Морье Дю - Стеклодувы
Эдме стояла неподвижно. Она просто смотрела из окна.
Вандейцы высыпали из домов, повинуясь призыву горна. Никто не обратил внимания на человека, которого застрелила Эдме. Они беспорядочно кричали, не зная, в какую сторону бежать и спрашивая об этом друг друга. Я слышала, как один из них говорил: "Синие напали на город, синие, наверное, захватили мост". И все они в панике, беспорядочной толпой побежали по улице в ту сторону, откуда раздавались звуки горна, а из домов тем временем стали выбегать и женщины, они метались в разные стороны, словно испуганные гуси. И тут одна из них увидела человека, которого убила Эдме. Она подбежала к нему, и перевернула его на спину.
– Это Жан-Буи, – закричала она. – Он умер. Его убили. Кто-то его застрелил.
Женщина начала кричать, раскачиваясь взад и вперед, а ребенок стоял возле нее и смотрел, засунув палец в рот. Кто-то из крестьян подошел и увел ее прочь, а она упиралась и все оборачивалась назад, стараясь посмотреть на убитого через плечо.

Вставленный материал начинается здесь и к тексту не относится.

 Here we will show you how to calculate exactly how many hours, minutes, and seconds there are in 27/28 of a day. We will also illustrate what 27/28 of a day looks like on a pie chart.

– Пойду в ту комнату и все им расскажу, – возбужденно говорил Эмиль. Всем расскажу, как тетя Эдме застрелила разбойника.
Он побежал в задние комнаты, во весь голос выкрикивая свою новость. Эдме прислонила мушкет к окну.

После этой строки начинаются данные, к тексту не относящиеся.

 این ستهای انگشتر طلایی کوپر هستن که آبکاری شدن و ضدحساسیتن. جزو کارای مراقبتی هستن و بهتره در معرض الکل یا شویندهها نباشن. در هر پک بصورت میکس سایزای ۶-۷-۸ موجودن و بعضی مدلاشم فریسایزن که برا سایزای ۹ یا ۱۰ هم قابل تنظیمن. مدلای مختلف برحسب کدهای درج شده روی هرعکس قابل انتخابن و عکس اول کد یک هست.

– Я не знаю, почему мне попался именно этот человек, – сказала она голосом, который все еще плохо ей повиновался. – Он же ничего мне не сделал. Вот если бы это был тот, с кнутом…
– Всегда так выходит, – сказала я. – Всегда страдает не тот, кто виноват. Поэтому все так бессмысленно и получается.

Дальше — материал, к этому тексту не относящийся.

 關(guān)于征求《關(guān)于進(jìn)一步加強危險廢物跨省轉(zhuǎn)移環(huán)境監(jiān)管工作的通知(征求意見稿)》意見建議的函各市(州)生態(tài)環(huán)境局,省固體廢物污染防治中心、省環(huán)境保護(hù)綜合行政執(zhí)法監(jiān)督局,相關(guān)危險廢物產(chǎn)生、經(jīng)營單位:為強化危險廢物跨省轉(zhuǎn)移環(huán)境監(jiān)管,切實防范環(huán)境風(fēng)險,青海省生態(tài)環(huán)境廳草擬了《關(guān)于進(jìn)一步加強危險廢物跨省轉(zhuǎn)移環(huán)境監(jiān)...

Я отвернулась от окна и пошла вниз, в гостиную. Человек без ноги скатился с дивана на пол. Он все еще дышал, все еще был жив.
Наверху царила суматоха. Эмиль успел отпереть дверь и сообщил всем, что разбойники уходят, и что Эдме убила одного из них, вон того, что лежит на улице. Младшие дети желали посмотреть. Собака тоже скатилась вниз по лестнице, истошно лая и требуя, чтобы ее вывели погулять.
– Нет, – заявила я. – Все пойдут назад. Пока еще ничего не кончилось. На улицах все еще сражаются.
Я видела бледное испуганное лицо вдовы, которая смотрела с верхней площадки лестницы на раненного человека.
Собаку я заперла в кухне – объедки, раскиданные по полу, успокоят ее на некоторое время. Я слышала, как Эдме уговаривает остальных вернуться в задние комнаты и ждать, пока все не успокоится.
Весь остаток дня и всю ночь напролет в городе продолжали сражаться, а на следующее утро около семи часов мы услышали мушкетные выстрелы на улице возле нашего дома и стук копыт кавалерии.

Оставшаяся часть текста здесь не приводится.